**PROBLEM**
Your answer should repeat the entries in full, exactly as given, with no pictures.

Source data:
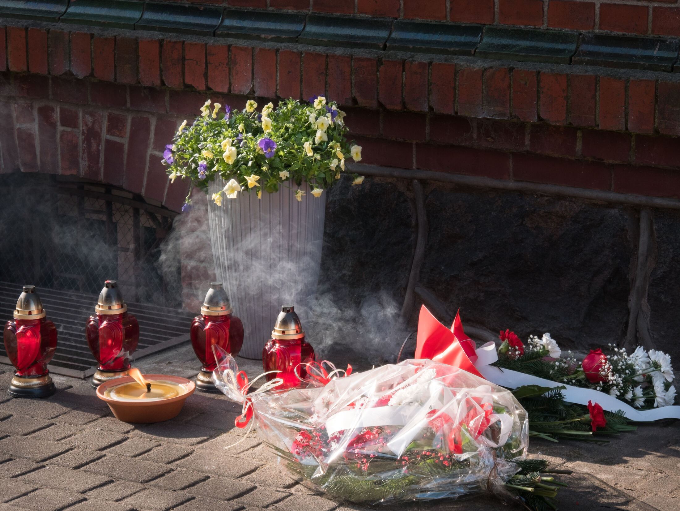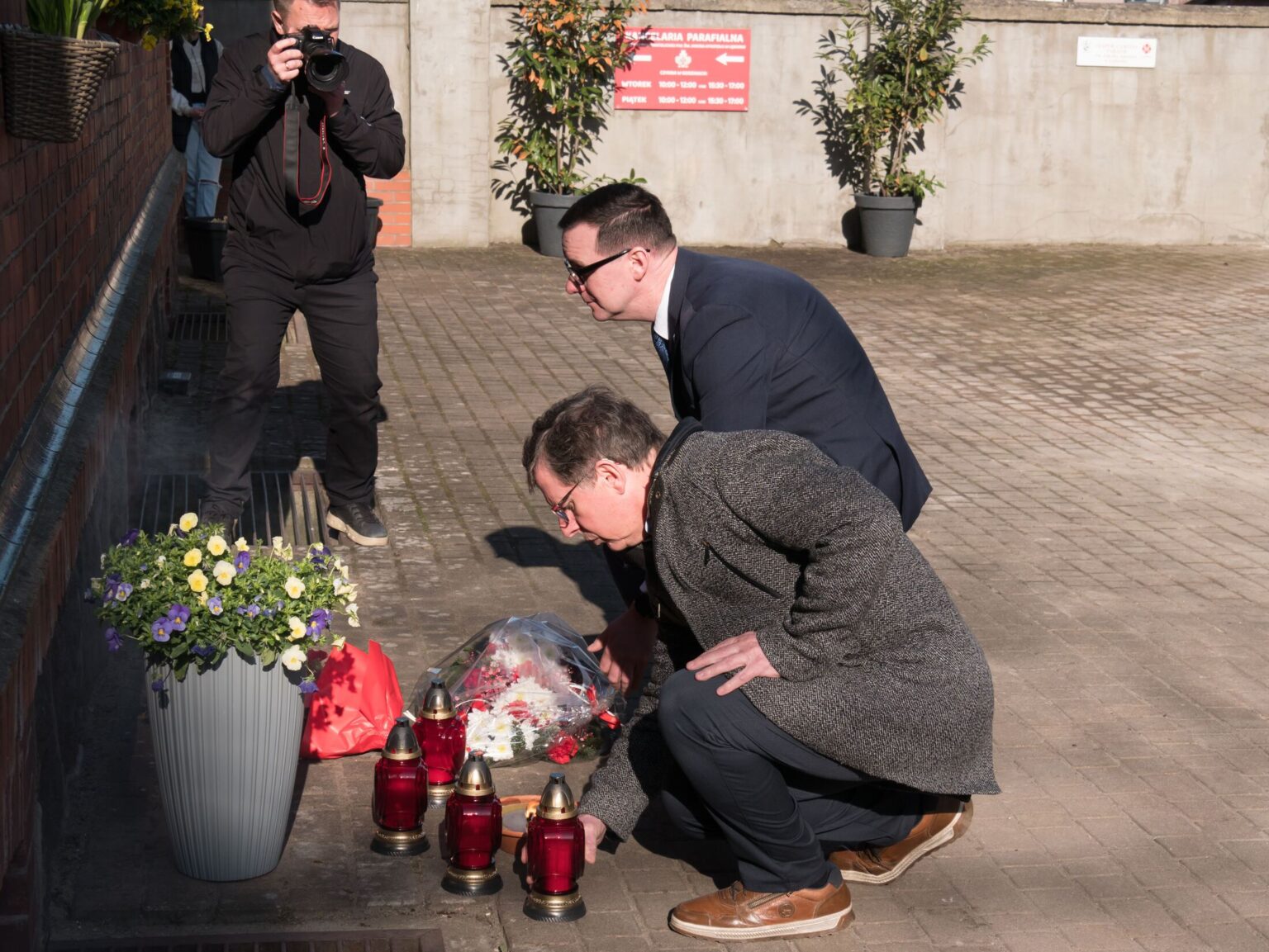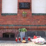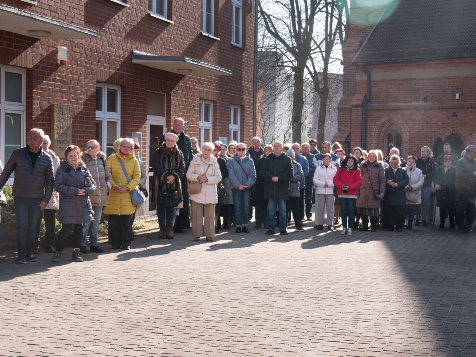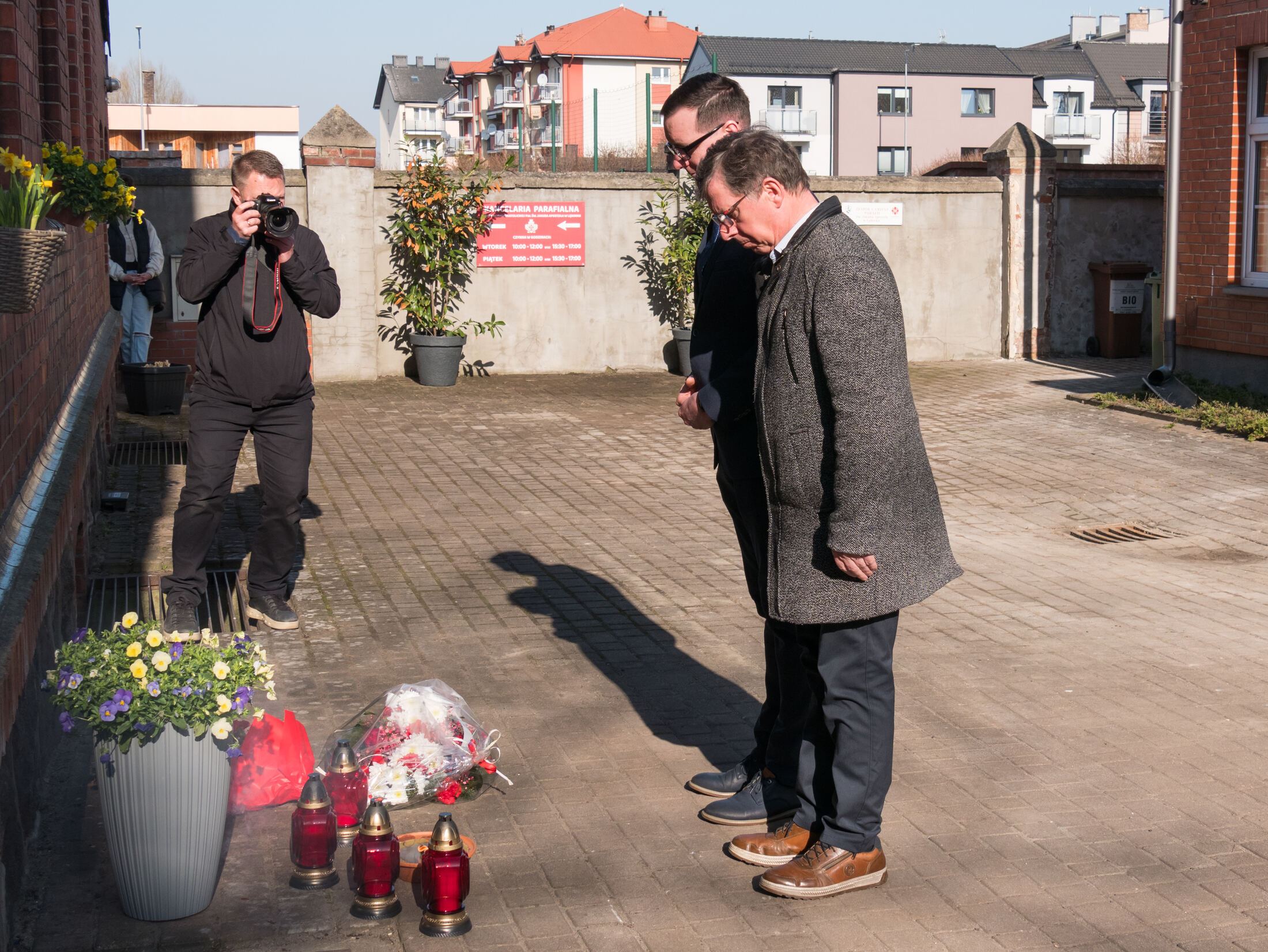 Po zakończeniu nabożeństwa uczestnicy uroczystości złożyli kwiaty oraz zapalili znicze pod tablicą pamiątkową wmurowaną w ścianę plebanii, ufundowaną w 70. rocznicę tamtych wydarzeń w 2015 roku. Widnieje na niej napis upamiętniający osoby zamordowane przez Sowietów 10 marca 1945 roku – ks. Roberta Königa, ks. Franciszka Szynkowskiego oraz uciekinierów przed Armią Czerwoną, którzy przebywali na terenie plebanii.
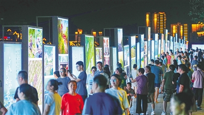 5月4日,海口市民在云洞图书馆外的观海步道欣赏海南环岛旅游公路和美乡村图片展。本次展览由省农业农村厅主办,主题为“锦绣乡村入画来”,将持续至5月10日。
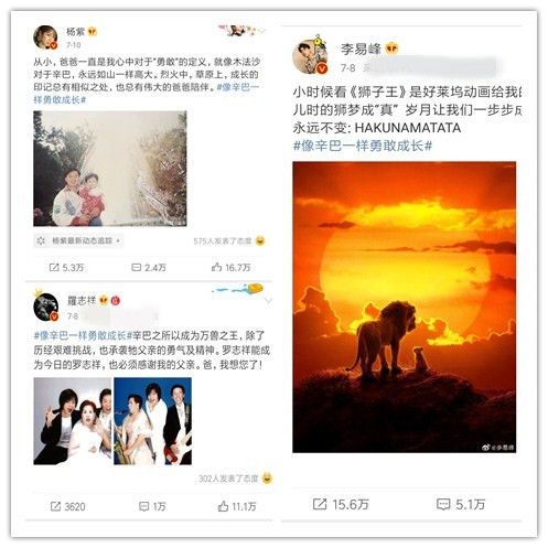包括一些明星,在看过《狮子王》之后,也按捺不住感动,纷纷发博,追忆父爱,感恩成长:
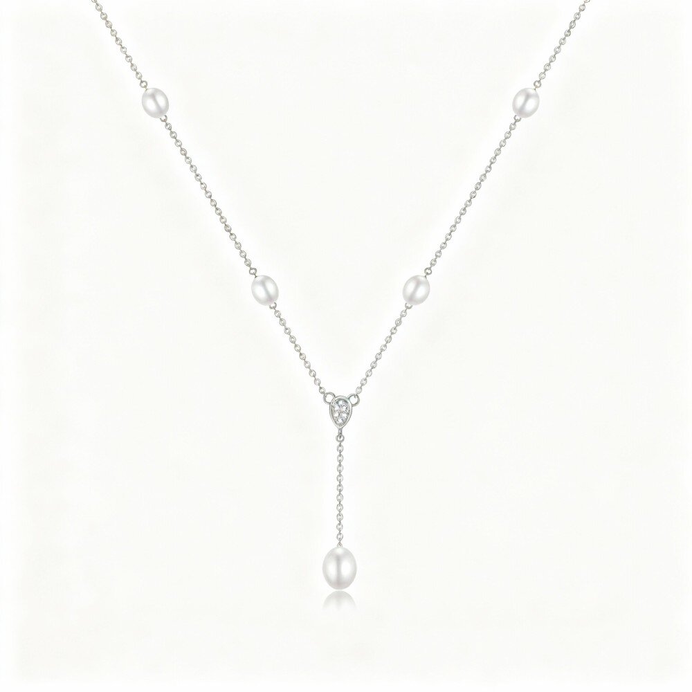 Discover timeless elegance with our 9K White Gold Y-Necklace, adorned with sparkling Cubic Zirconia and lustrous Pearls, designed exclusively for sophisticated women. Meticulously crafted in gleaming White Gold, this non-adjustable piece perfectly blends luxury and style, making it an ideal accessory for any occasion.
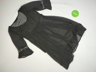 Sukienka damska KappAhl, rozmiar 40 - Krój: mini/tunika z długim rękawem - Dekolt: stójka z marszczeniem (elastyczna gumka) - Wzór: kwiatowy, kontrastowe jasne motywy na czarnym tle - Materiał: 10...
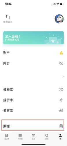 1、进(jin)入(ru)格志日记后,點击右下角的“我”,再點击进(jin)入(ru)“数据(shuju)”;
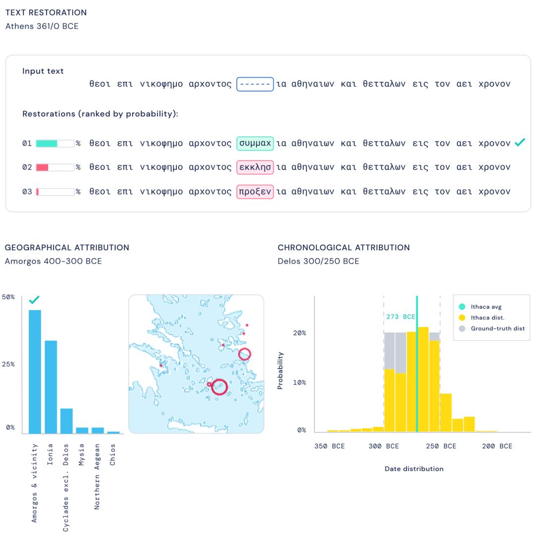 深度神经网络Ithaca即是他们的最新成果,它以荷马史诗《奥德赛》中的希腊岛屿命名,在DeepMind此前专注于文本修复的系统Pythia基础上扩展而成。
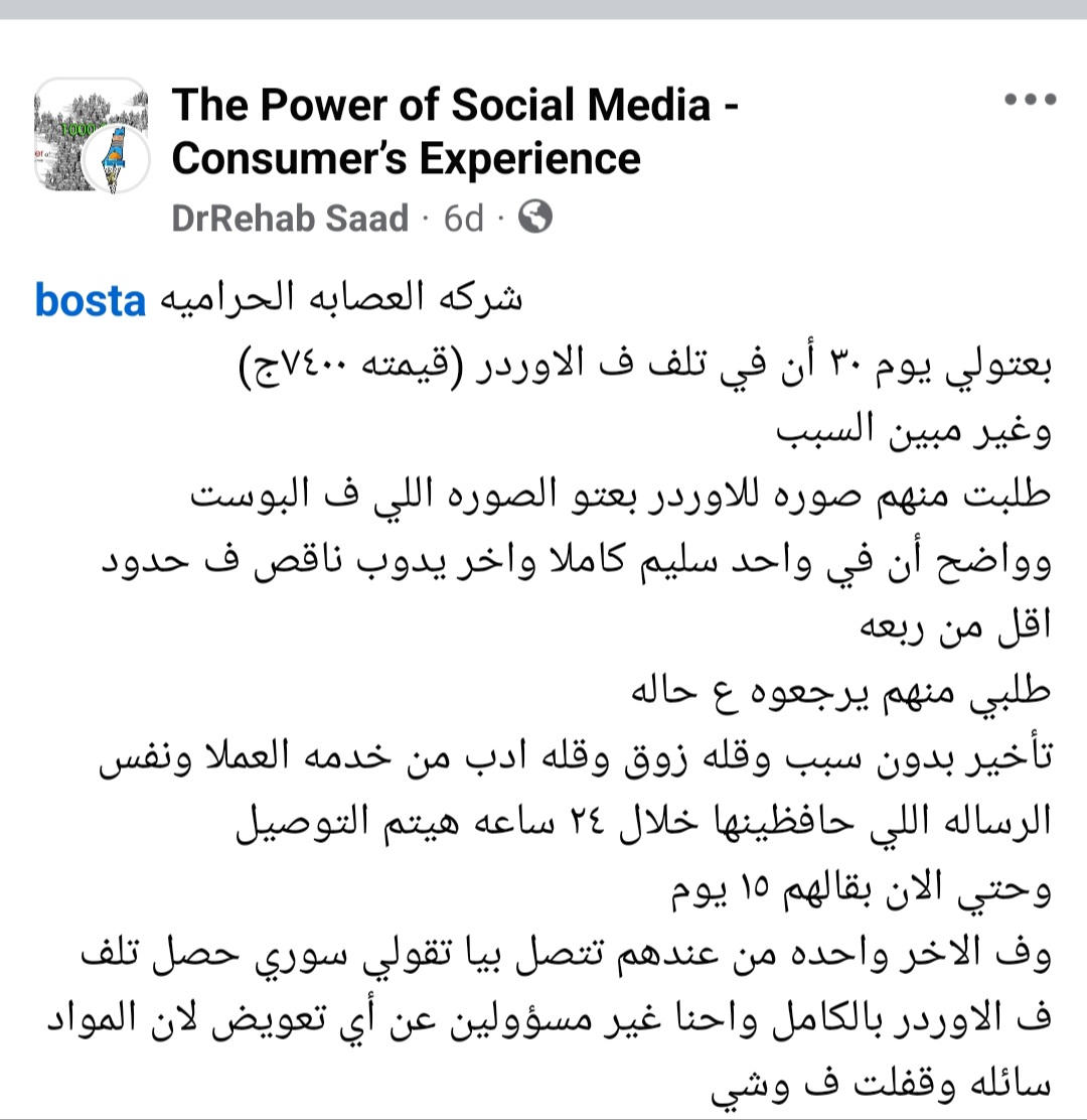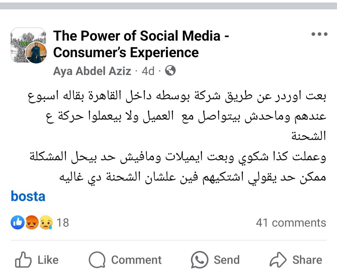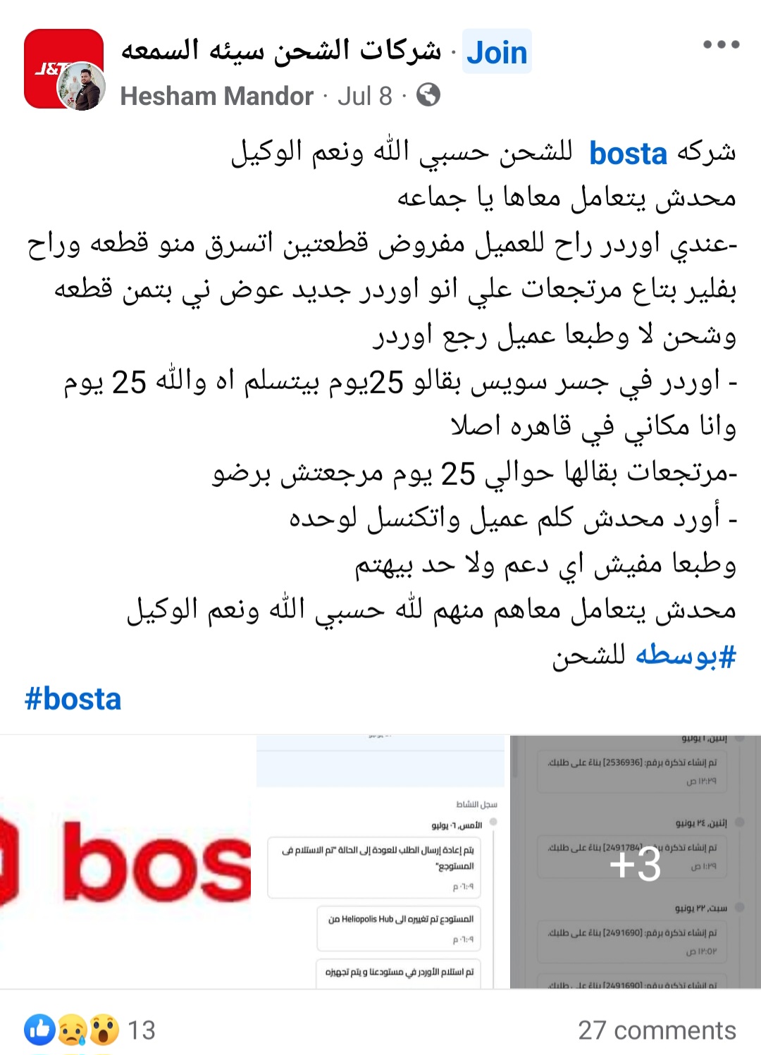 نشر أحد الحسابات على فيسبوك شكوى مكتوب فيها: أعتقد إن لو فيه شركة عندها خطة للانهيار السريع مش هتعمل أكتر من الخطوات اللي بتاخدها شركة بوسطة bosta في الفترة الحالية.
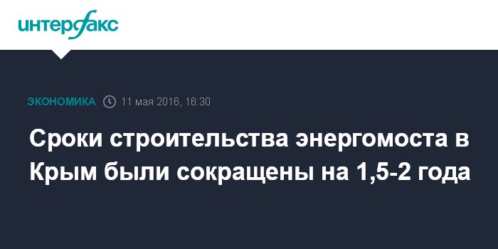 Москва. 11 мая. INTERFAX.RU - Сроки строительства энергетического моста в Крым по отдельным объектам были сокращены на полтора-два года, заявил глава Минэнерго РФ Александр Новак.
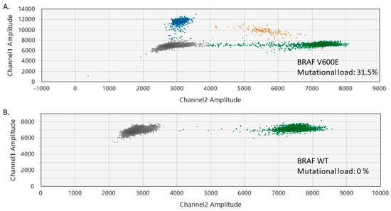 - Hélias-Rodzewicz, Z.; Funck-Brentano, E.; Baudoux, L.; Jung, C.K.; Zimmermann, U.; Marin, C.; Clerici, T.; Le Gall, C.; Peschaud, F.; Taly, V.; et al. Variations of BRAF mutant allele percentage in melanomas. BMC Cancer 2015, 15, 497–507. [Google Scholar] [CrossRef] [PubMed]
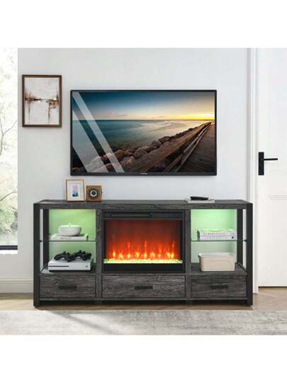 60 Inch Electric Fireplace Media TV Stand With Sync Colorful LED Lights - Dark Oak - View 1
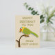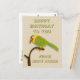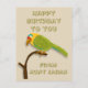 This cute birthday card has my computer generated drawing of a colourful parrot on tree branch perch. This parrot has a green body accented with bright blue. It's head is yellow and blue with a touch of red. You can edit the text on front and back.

**RESULT OF THE TASK**
 Po zakończeniu nabożeństwa uczestnicy uroczystości złożyli kwiaty oraz zapalili znicze pod tablicą pamiątkową wmurowaną w ścianę plebanii, ufundowaną w 70. rocznicę tamtych wydarzeń w 2015 roku. Widnieje na niej napis upamiętniający osoby zamordowane przez Sowietów 10 marca 1945 roku – ks. Roberta Königa, ks. Franciszka Szynkowskiego oraz uciekinierów przed Armią Czerwoną, którzy przebywali na terenie plebanii.
 5月4日,海口市民在云洞图书馆外的观海步道欣赏海南环岛旅游公路和美乡村图片展。本次展览由省农业农村厅主办,主题为“锦绣乡村入画来”,将持续至5月10日。
包括一些明星,在看过《狮子王》之后,也按捺不住感动,纷纷发博,追忆父爱,感恩成长:
 Discover timeless elegance with our 9K White Gold Y-Necklace, adorned with sparkling Cubic Zirconia and lustrous Pearls, designed exclusively for sophisticated women. Meticulously crafted in gleaming White Gold, this non-adjustable piece perfectly blends luxury and style, making it an ideal accessory for any occasion.
 Sukienka damska KappAhl, rozmiar 40 - Krój: mini/tunika z długim rękawem - Dekolt: stójka z marszczeniem (elastyczna gumka) - Wzór: kwiatowy, kontrastowe jasne motywy na czarnym tle - Materiał: 10...
 1、进(jin)入(ru)格志日记后,點击右下角的“我”,再點击进(jin)入(ru)“数据(shuju)”;
 深度神经网络Ithaca即是他们的最新成果,它以荷马史诗《奥德赛》中的希腊岛屿命名,在DeepMind此前专注于文本修复的系统Pythia基础上扩展而成。
 نشر أحد الحسابات على فيسبوك شكوى مكتوب فيها: أعتقد إن لو فيه شركة عندها خطة للانهيار السريع مش هتعمل أكتر من الخطوات اللي بتاخدها شركة بوسطة bosta في الفترة الحالية.
 Москва. 11 мая. INTERFAX.RU - Сроки строительства энергетического моста в Крым по отдельным объектам были сокращены на полтора-два года, заявил глава Минэнерго РФ Александр Новак.
 - Hélias-Rodzewicz, Z.; Funck-Brentano, E.; Baudoux, L.; Jung, C.K.; Zimmermann, U.; Marin, C.; Clerici, T.; Le Gall, C.; Peschaud, F.; Taly, V.; et al. Variations of BRAF mutant allele percentage in melanomas. BMC Cancer 2015, 15, 497–507. [Google Scholar] [CrossRef] [PubMed]
 60 Inch Electric Fireplace Media TV Stand With Sync Colorful LED Lights - Dark Oak - View 1
 This cute birthday card has my computer generated drawing of a colourful parrot on tree branch perch. This parrot has a green body accented with bright blue. It's head is yellow and blue with a touch of red. You can edit the text on front and back.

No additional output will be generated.